The Right to Sue for Infringement is no longer a Standing Question

Companies who play corporate games creating and shifting shell companies sometimes face serious consequences when painted into a corner.   In Cirba, Inc. (DBA Densify) and Cirba IP v. VMWare (D. Del. 2020), a jury sided with the patentee Cirba Inc. and awarded $235 million in damages.  That verdict though has been vacated because Cirba Inc.’s subsidiary Cirba IP actually owns the patent rights.  According to the filings, the transfer to Cirba IP was done for “uncontroversial tax reasons.”

Although the jury awarded the money, Judge Leonard P. Stark did not enter judgment for the millions. Rather, Judge Stark found that Cirba Inc. (“INC”) did not actually have rights to enforce the patent and thus dismissed the case for lack of Article III standing.  According to Stark, INC had transferred rights to its wholly owned subsidiary Cirba IP (“IP”).  And, although IP was a co-plaintiff Judge Stark ordered a new trial — finding that the presence of INC so materially changed the trial that “it is quite probably that the outcome would … have been different.”  Basically, the theme of INC’s case was about competition against the much larger VMWare, but IP is only a patent holder.  Thus, all is not lost for Cirba, but juries are quite unpredictable.

A timeline of events is shown above, and one basic question for standing is whether that license-back included enough grit to give INC standing.

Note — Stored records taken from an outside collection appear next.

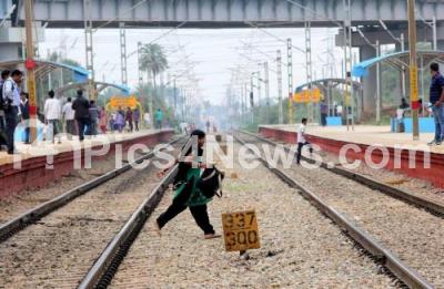 Hoodi Railway Station was inaugurated today by MP PC Mohan, where a large number of people were seen crossing the new tracks and train was flagged off from the new Hoodi Halt Station, in Bengaluru on Thursday 29th September 2016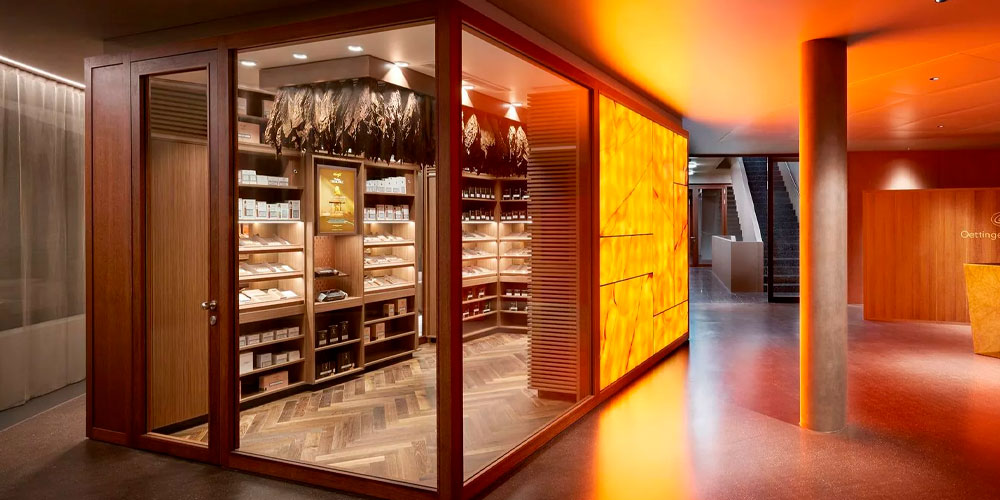 Дизайн магазина табака характеризуется сдержанной цветовой палитрой, приглушенным светом и склонностью к минимализму. Изначально использование данной продукции было прерогативой мужчин: простых рабочих или гангстеров и бандитов. Поэтому в оформлении интерьера стоит придерживаться именно этого настроения и атмосферы. Табачный магазин, выполненный внутри, например, в розовых или ярко-оранжевых тонах, будет выглядеть странно, комично и неуместно.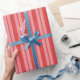 Rosa och Cherry Red Retro Modern Rand Mönster Presentpapper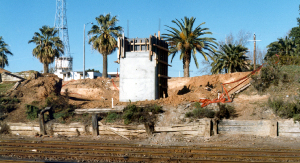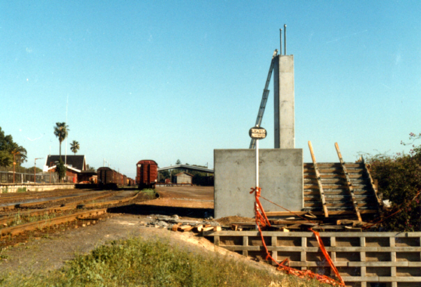 Work on the Seventh Street side abutment of a new footbridge near the site of the former road overbridge, was well underway by 14-8-1985. Photo: Bruce McLean
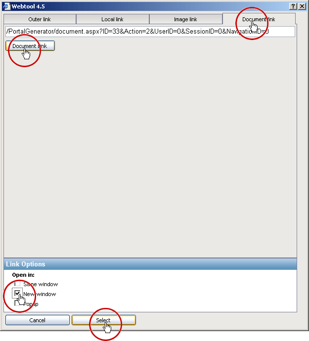 S klikom na tipko izberi "Select" vstavimo povezavo na dokument.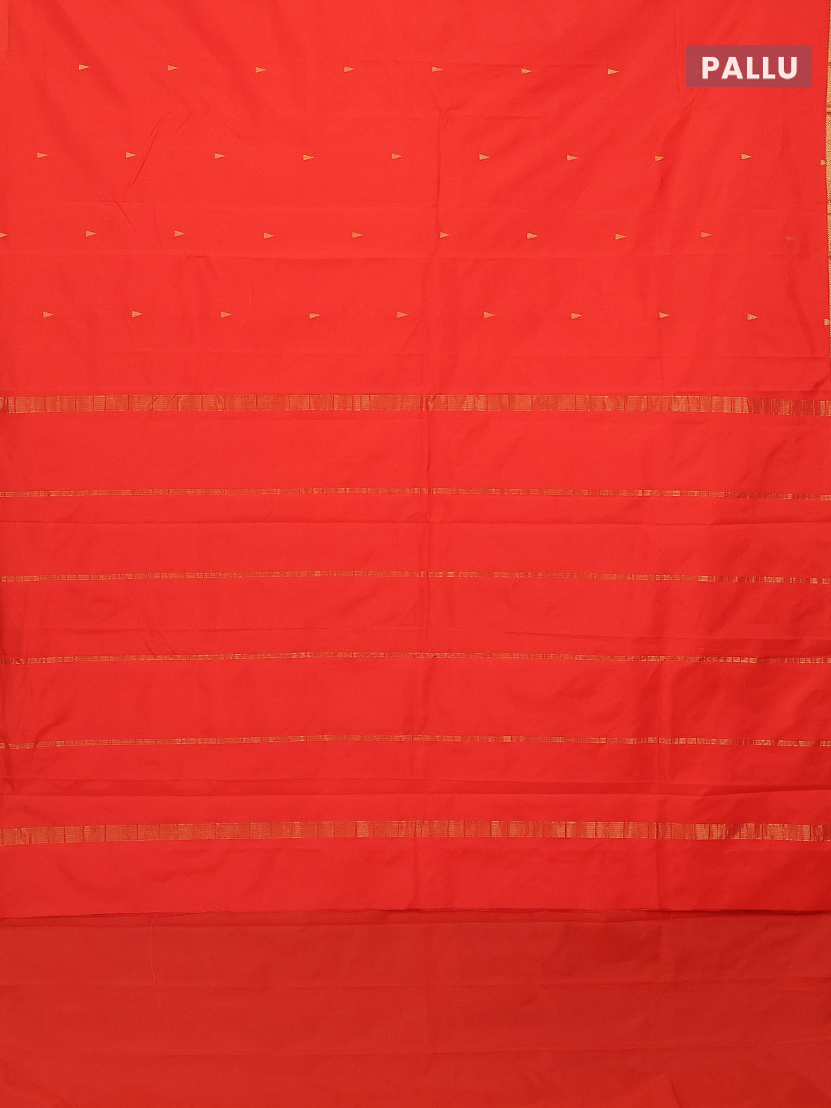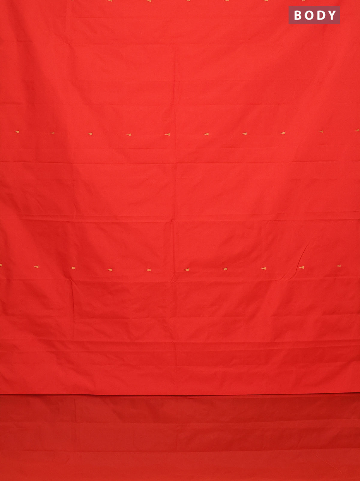 Arani semi silk saree orange with zari woven temple buttas and zari woven border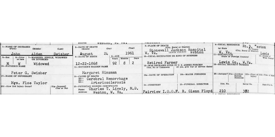 Jul-28-2018Husband: John Alden Swisher Born: Dec-22-1868 in Lewis Co, WV 1,2 Died: Aug-24-1961 in Weston, Lewis Co, WV 1 Buried: in Friendship Cemetery (Fairview IOOF), Berlin Rd (CR 7), Hackers Creek, Lewis Co, WV 1 Occupation: farmer 1 Father: Peter Gaston Swisher (1830 - 1913) Mother: Margaret Mary Hinzman (1832 - 1902)
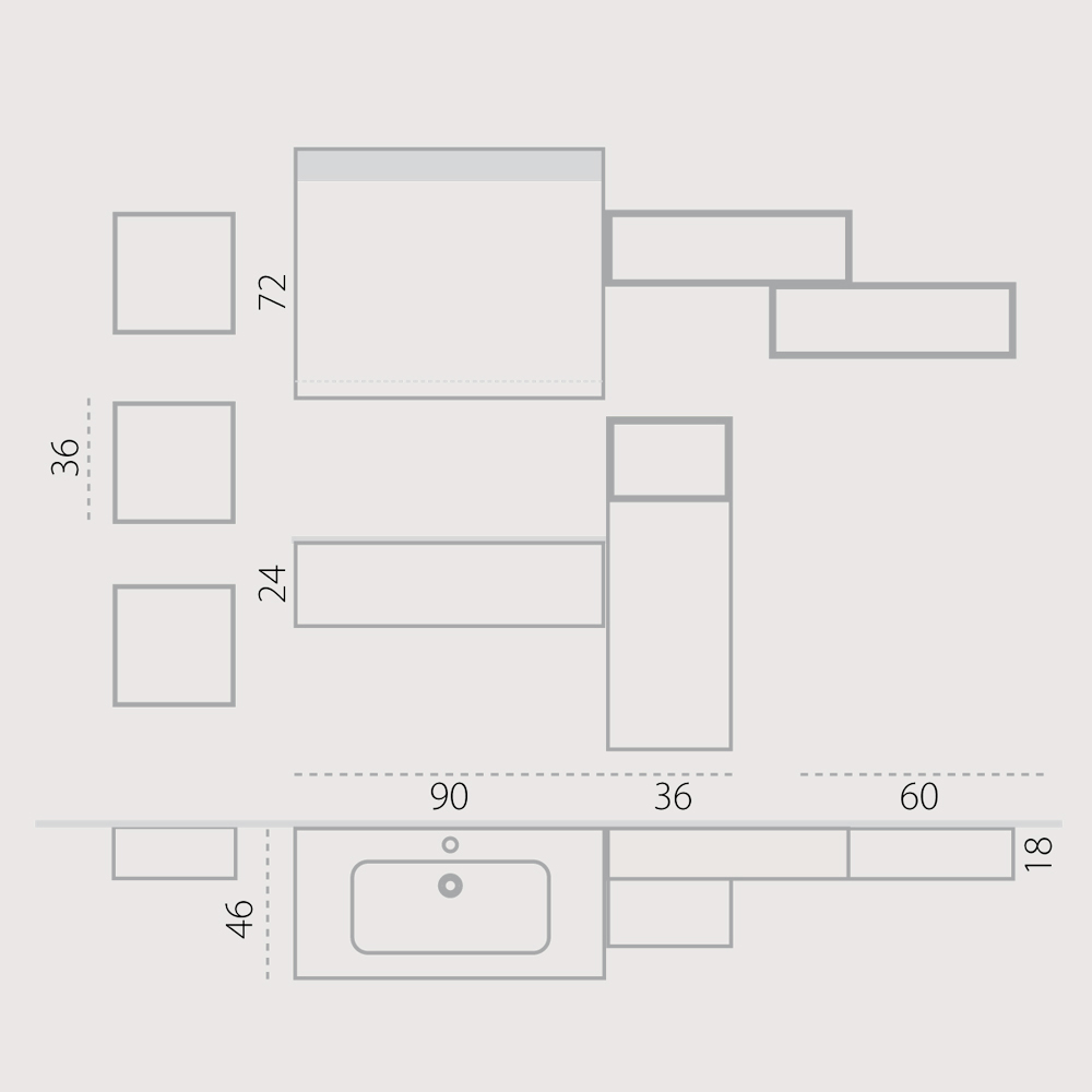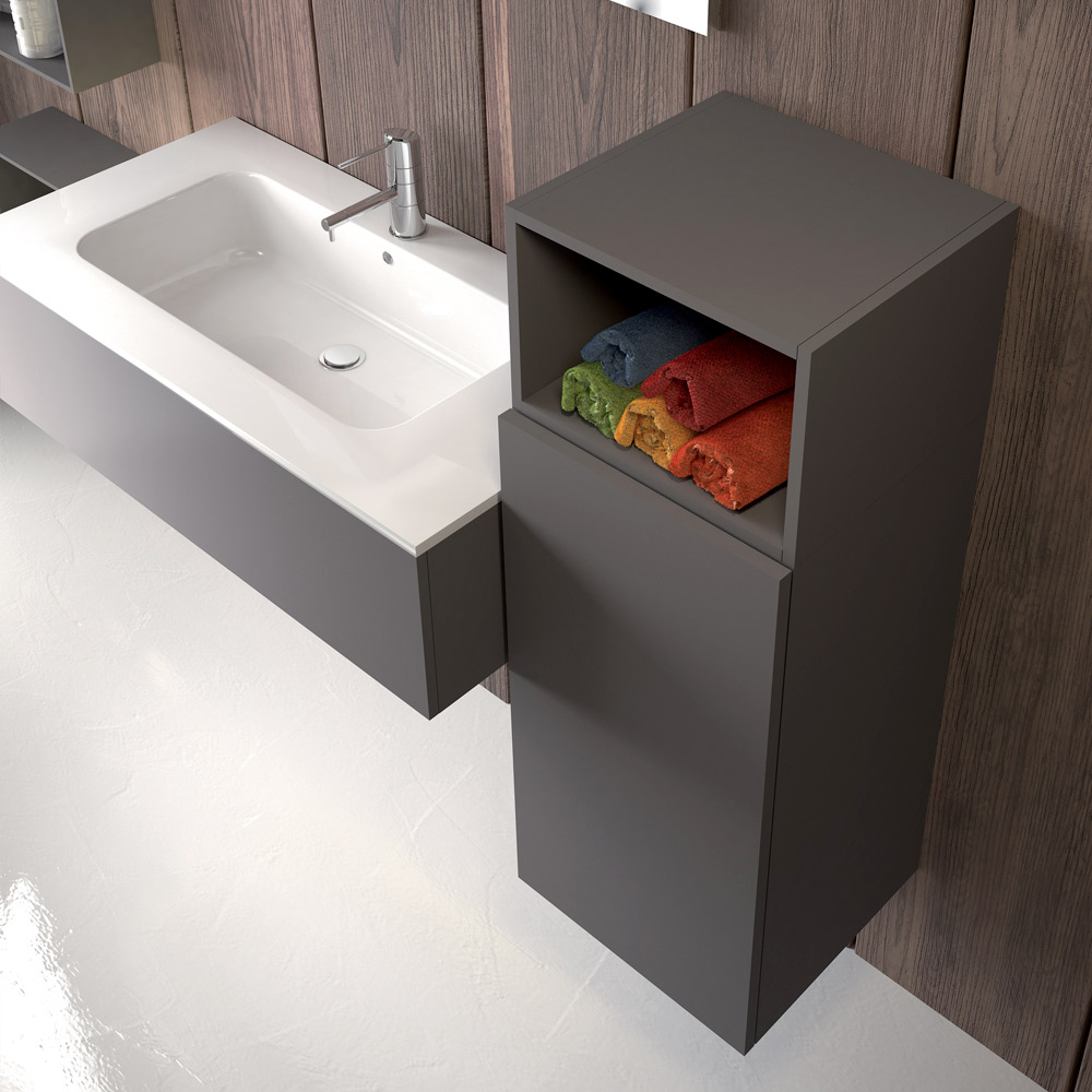 Napoli is een set hangende badkamermeubels gemaakt met verschillende materialen en afwerkingen en met de mogelijkheid tot talloze combinaties dankzij de verschillende elementen, voor een resultaat van flexibele geometrieën voor een badkamer buiten de gebruikelijke patronen.

The new trial order is not a final judgment — the case is still ongoing.  That means that there is no right to appeal the case immediately.  However, Cirba has petitioned the Federal Circuit for writ of mandamus, arguing that the dismissal on standing was improper. The petition particularly focuses on the Supreme Court’s Lexmark decision and the Federal Circuit’s two subsequent decisions of Lone Star and Schwendimann.  In particular, the plaintiff argues that under those decisions, the patent ownership is not a jurisdictional/standing question. “[D]ecisions treating the prerequisites of the Patent Act as jurisdictional were wrong.” Schwendimann.  “Whether a party possesses all substantial rights in a patent does not implicate standing or subject-matter jurisdiction.” Lone Star.